O insucesso e abandono escolar, a falta de ocupação dos jovens, perda de controlo familiar e comunitário, a droga (tanto o consumo como o trafico) e o consumo do álcool, a necessidade de exercer o seu poder e influência no seio do grupo de pares, a demarcação do território e protecção das pessoas, bens, e imagem do bairro (exercício da masculinidade), a revolta sentida devido á falta de oportunidades de forma a melhorar a sua condição social, são as maiores causas identificadas pela maioria dos confrontos entre grupos de jovens ou ainda situações de violência praticadas por jovens na rua. A violência e falta de segurança do bairro (cerca de 20 casos por mês registados em 2011 e 2012 pela Esquadra de S. Filipe) é uma preocupação constante da população. As mulheres são as maiores vítimas, sobretudo de violência física e psicológica (ofensas corporais, ameaças, injúria, tentativa de violação sexual), enquanto os homens são mais vítimas de ameaças, assaltos, e furtos, e os principais agressores.

As mudanças ocorridas nas relações sociais derivadas da complexificação social do bairro, o aumento da densidade habitacional e populacional que traz conflitos pela gestão de um espaço limitado, a vida vulnerável e instável de uma grande parte da população, a falta de ocupação de jovens que abandonaram a escola e que enveredaram por comportamentos de risco (álcool e drogas, violência) o sentimento de insegurança crescente na população, configura um cenário de conflito latente no bairro.

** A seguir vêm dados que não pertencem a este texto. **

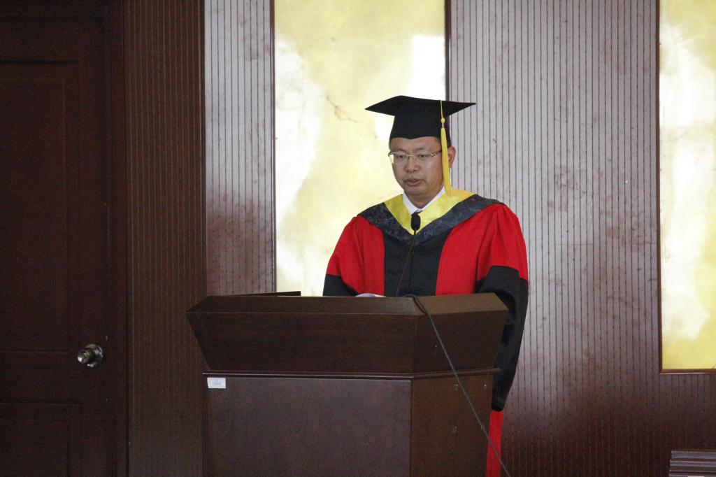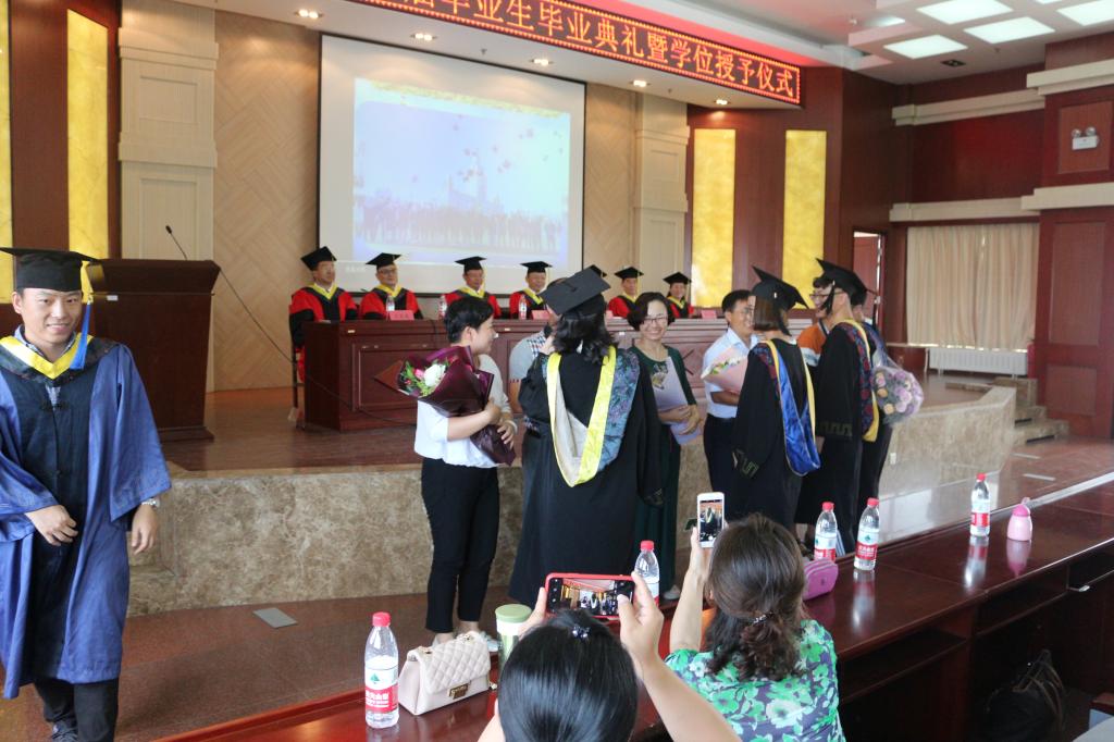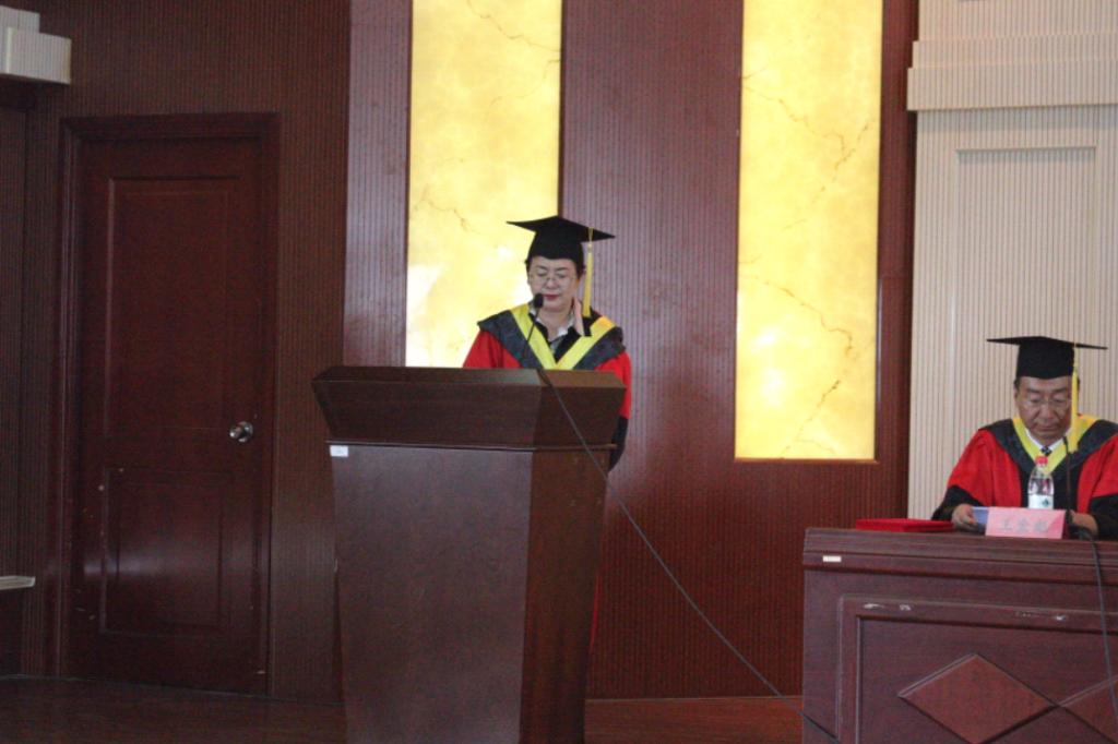 畢業(yè)典禮暨學(xué)位授予儀式在莊嚴(yán)的國歌聲中拉開序幕。副院長黃平平宣讀了獲得碩士學(xué)位畢業(yè)生名單、學(xué)士學(xué)位畢業(yè)生名單。受校長、校學(xué)位評定委員會主任委員邢永明教授的委托,學(xué)位分委員會主席、院長李春明為2018屆獲得碩士學(xué)位的畢業(yè)生授予學(xué)位,學(xué)院領(lǐng)導(dǎo)及學(xué)位分委員會成員為獲得學(xué)士學(xué)位的畢業(yè)生授予學(xué)位。

A falta de um núcleo/comissão de bairro que congregue as instituições locais e moradores e que represente o bairro e promova o seu desenvolvimento, aliado à fraca consciência e participação da população na resolução de problemas comunitários e ao deficit de actividades de promoção dessa consciência cívica e participativa da população, coloca Safende num quadro de desarticulação para a resolução dos seus problemas internos sentidos. O desenvolvimento do bairro de Safende, isto é a passagem de um bairro fragmentado e pouco articulado para um bairro agregado e articulado para a resolução de problemas comuns, passa por uma articulação multidimensional, entre as várias dimensões urbanística, ambiental, económica, social. Passa ainda por um maior investimento público e privado nessas dimensões de forma a uma maior desenvolvimento comunitário; pela articulação entre as suas forças e potencialidades, e o aproveitamento destas para o desenvolvimento comunitário; por uma maior comunicação e coesão entre a população das diversas subzonas, e entre os diversos atores locais envolvidos no processo de desenvolvimento do bairro; por uma maior articulação entre os vários atores locais e externos, com intervenção no bairro; por uma maior abertura para o exterior, visibilizando a intervenção local, fortalecendo relações de complementaridade com as outras áreas urbanas e outros atores, atraindo pessoas, instituições e actividades para o bairro, e levando os moradores e as instituições do bairro a outros espaços de aprendizagem e de integração que podem ser motores para o desenvolvimento do bairro.